The call went out and the community responded, with well over one dozen vendors—including a display and sale of Enns’art—numerous children’s games, crafts, a raffle, prizes and a full slate of entertainment on the stage.

With Enns now transferred to a hospital in Abbotsford, her spirits are still high on her long road to rehabilitation, said Sam Troy. Troy’s son Zac, 9, had spoken to Enns that morning and she was in “fabulous” spirits.

“She sounds just like Carol,” said Troy. “She was very enthusiastic that this was happening but was disappointed she couldn’t be here. But she was here in spirit.”

Troy said Enns’ sight will not return but her mobility is coming back. She is on course to being able to walk one kilometre, the bar she needs to reach before she will be given a guide dog.

Although a dog is already ready for her, Enns will need some training with the dog. Right now she is still wheel chair dependent.

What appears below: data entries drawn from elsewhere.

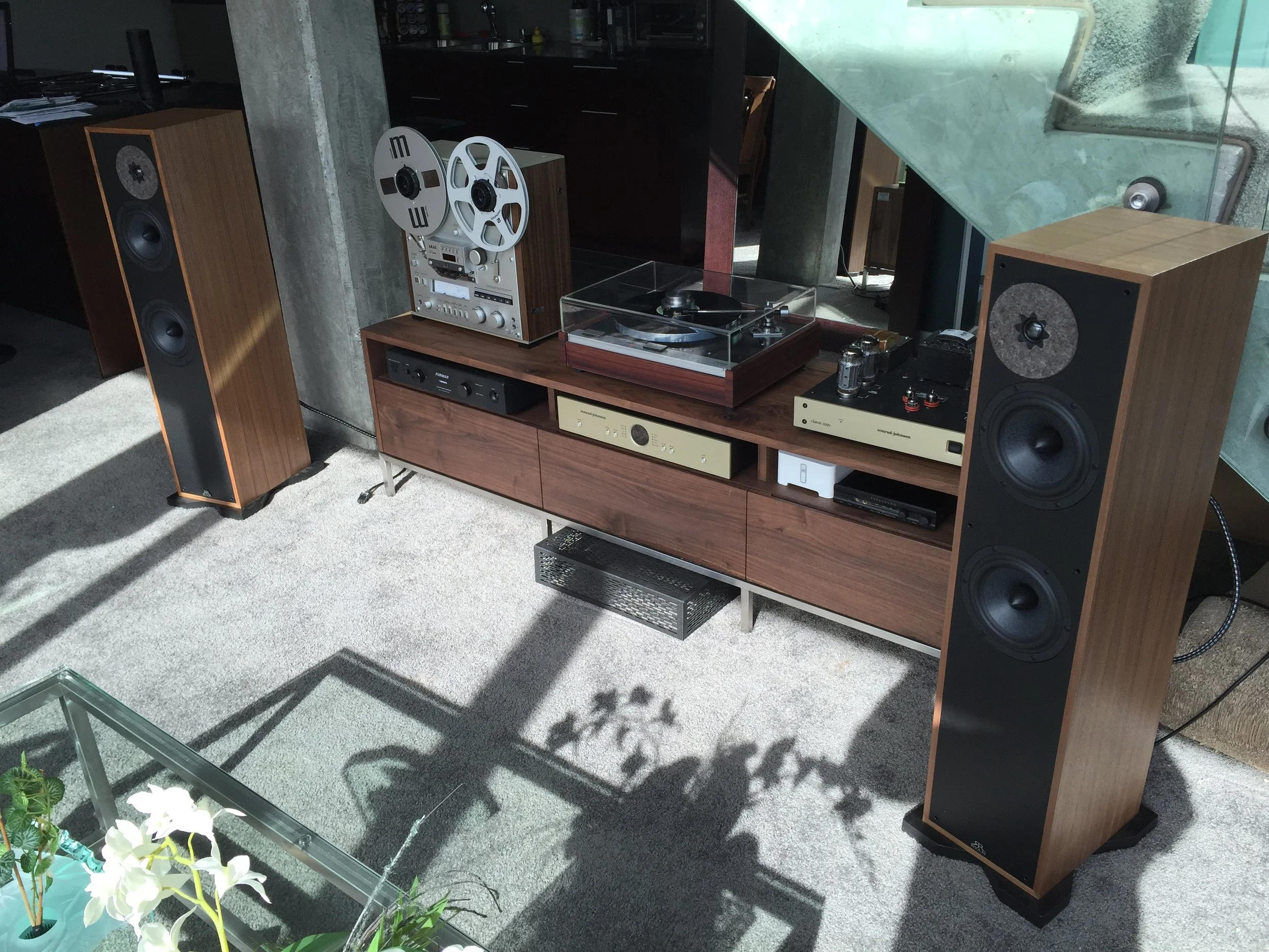 Robert System: Ryan 620 floor standers, Thorens TT, CJ power amps, Akai GX 625 R2R.
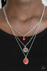 A robust red teardrop pendant swings from the bottom of a lengthened silver chain, adding a perfect pop of color to any outfit. Features an adjustable clasp closure.
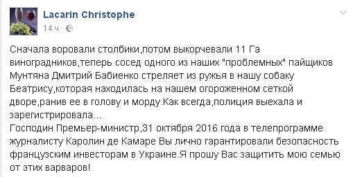 Неизвестные обстреляли усадьбу французского винодела Кристофа Лакарена и ранили собаку владельца по кличке Беатрис.
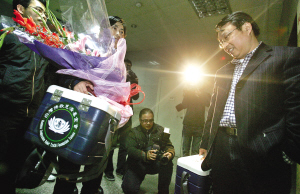 昨天晚上6時多,俞康和陳怡抱著冷藏箱步出杭州蕭山國際機場。
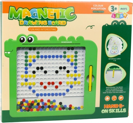 Magnetická tabule Dino, edukační hračka pro rozvoj dovedností a kreativitu s 20 vzory. Ideální pro děti.

Eagles president Chris Markling has known Enns since he arrived in Rossland 10 years ago, and he immediately saw the need she had and he, along with the rest of the service club, stepped up.

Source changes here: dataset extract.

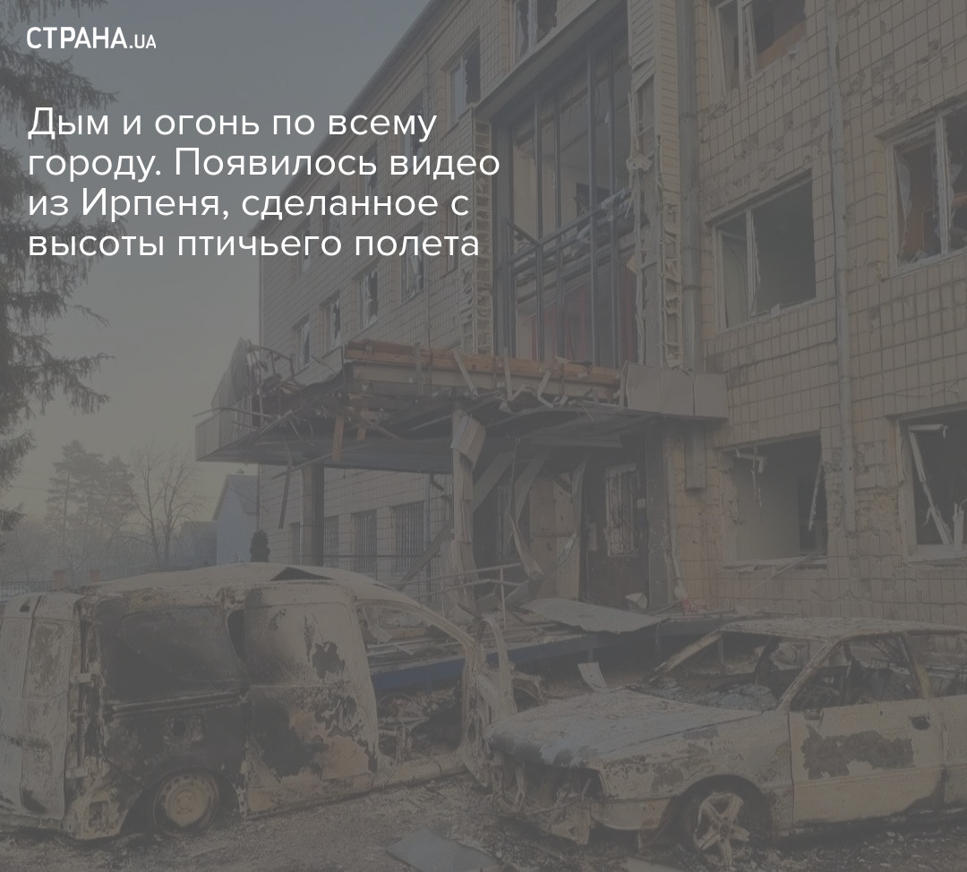 Дым и огонь по всему городу. Появилось видео из Ирпеня, сделанное с высоты птичьего полета
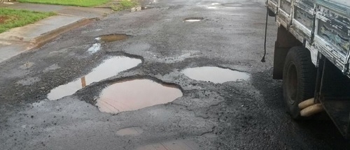 "Rodovia que liga Campina da Lagoa a Altamira do Paraná. São 30 km que se fazia em 20 minutos. Agora o tempo gasto é de 45 minutos. Azar de quem passar mal". (Foto enviada por internauta)

“In a small community like this you find that the only people that help each other is each other,” he said.

In Abbotsford Enns has a network of family in the area so she is well taken care of, despite being so far away from Rossland.

The festival raised $,500. Prior to the festival the community had raised over $10,000 for the effort to help offset the costs incurred by Enns' hospital stay in the U.S., and for her primary group of support—daughter Hannah, son Corby and boyfriend Chuck Fuller—to travel to be at her side while she fights her battle to heal.

The accident

Enns’ life was changed forever in a head-on collision with an alleged drunk driver near Kettle Falls, WA on June 29.

She spent over two weeks in intensive care at Sacred Heart Medical Center in Spokane, WA. She was transferred to Vancouver General Hospital where she continued her fight to heal and her fight to live, and underwent two more surgeries.

Enns' injuries were extensive: shattered femurs, both knee caps blown out, both ankles shattered, both shoulders broken, a broken sternum, broken ribs, ruptured spleen, surgery on her liver and her hips were fractured.

But the hardest blow of all for the former ski patroler at Red Mountain—and an avid outdoorswoman—was the news she had been blinded by the crash.